**Required action:** Nothing but the lines below from the one that contains "7 500 krRunt" through the one that contains "TommyLife Siyah Kamuflaj" should be retyped, exactly and including both ends. Do not include pictures.
----- Data for this exercise -----
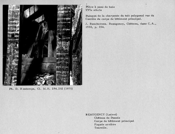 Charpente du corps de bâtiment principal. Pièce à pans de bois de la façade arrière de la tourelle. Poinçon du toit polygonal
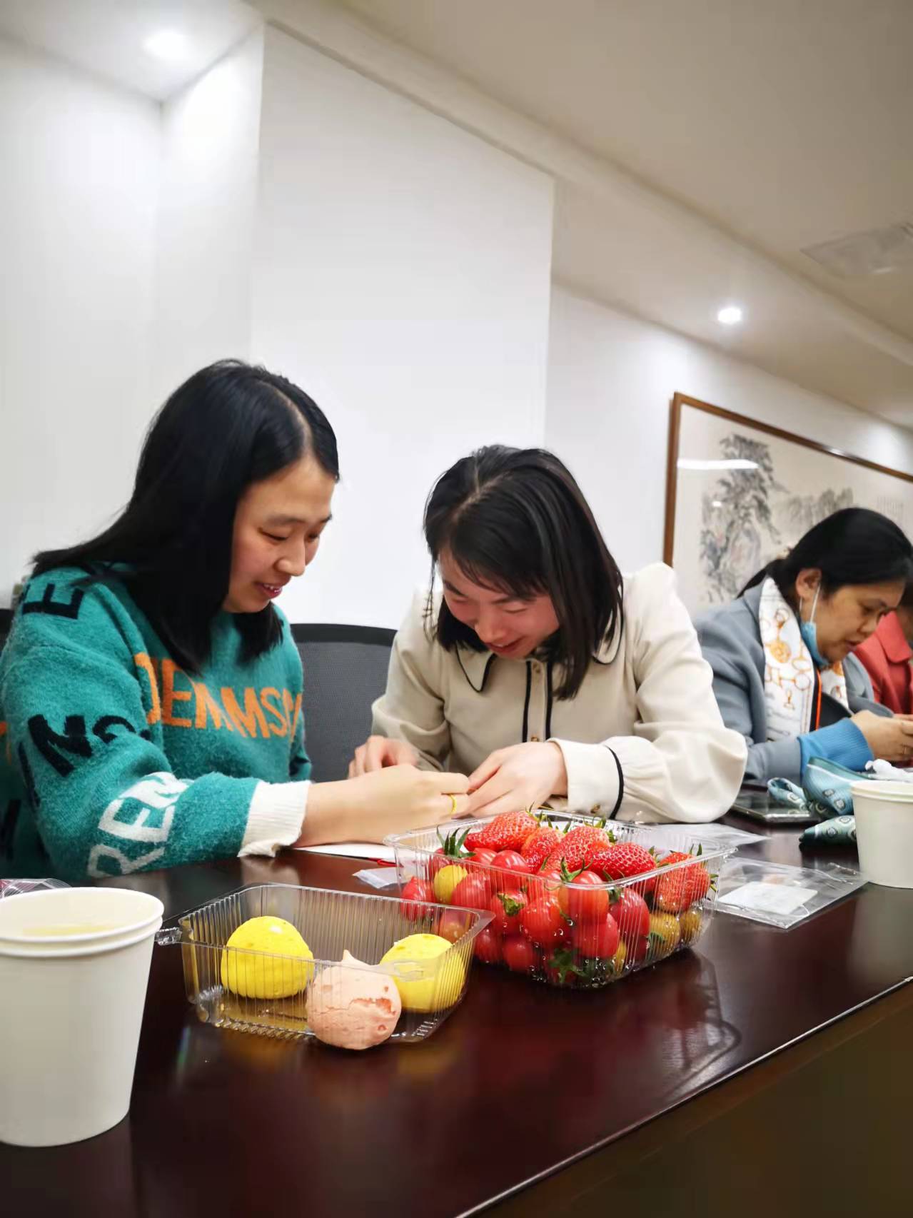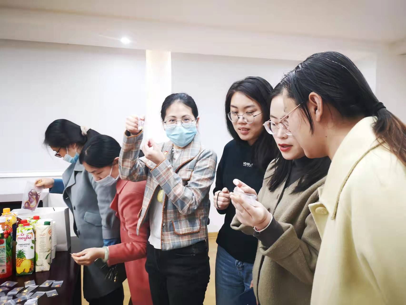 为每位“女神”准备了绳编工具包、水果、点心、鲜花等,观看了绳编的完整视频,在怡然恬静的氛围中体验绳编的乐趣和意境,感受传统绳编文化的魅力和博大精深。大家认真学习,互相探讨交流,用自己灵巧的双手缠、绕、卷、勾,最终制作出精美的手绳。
-----
----- Data for this exercise -----
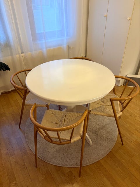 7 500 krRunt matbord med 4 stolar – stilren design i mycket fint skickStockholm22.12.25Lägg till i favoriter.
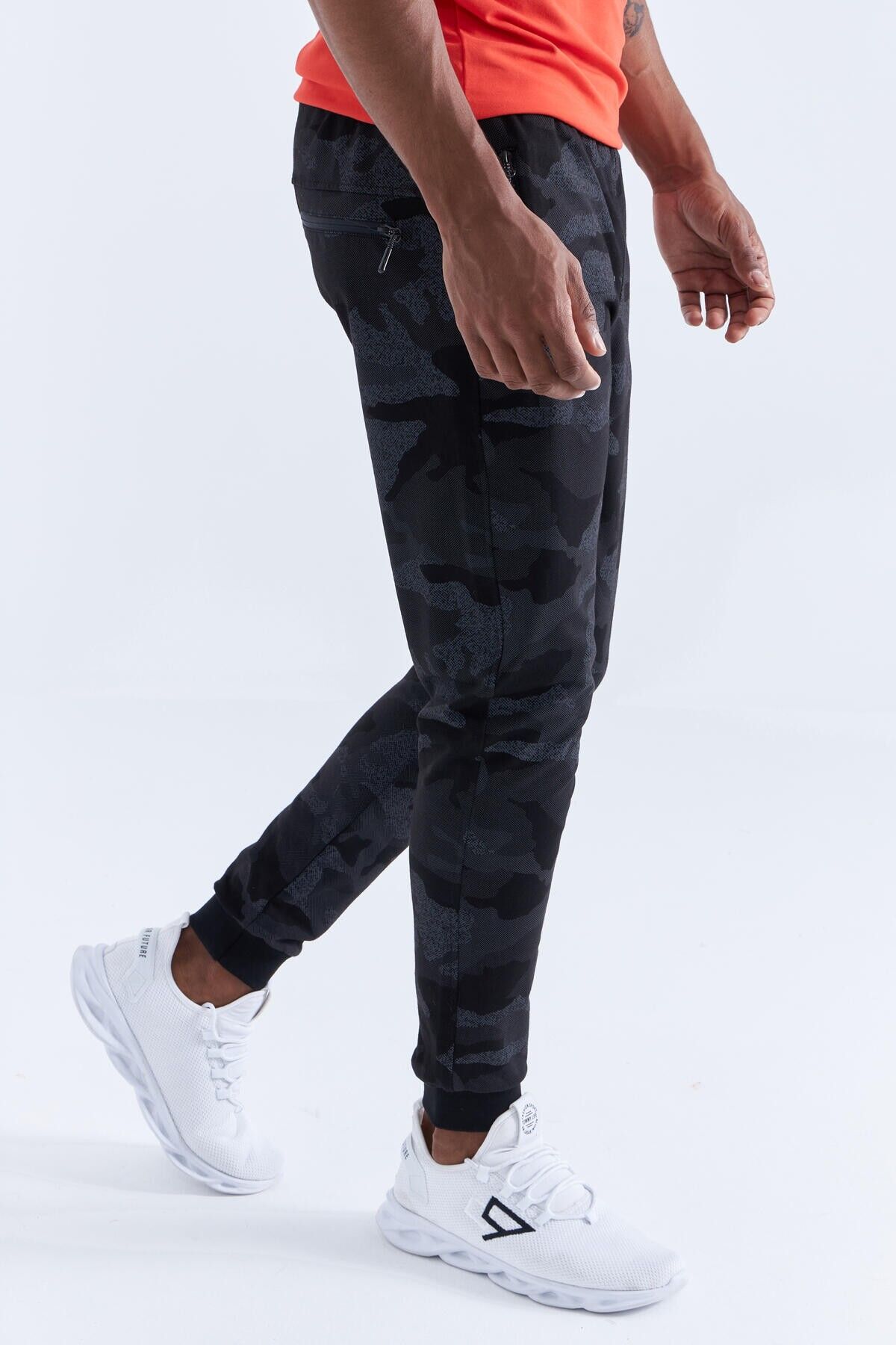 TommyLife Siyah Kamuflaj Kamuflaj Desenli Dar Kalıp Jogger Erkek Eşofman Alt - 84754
-----
**Solution to this task:**
 7 500 krRunt matbord med 4 stolar – stilren design i mycket fint skickStockholm22.12.25Lägg till i favoriter.
 TommyLife Siyah Kamuflaj Kamuflaj Desenli Dar Kalıp Jogger Erkek Eşofman Alt - 84754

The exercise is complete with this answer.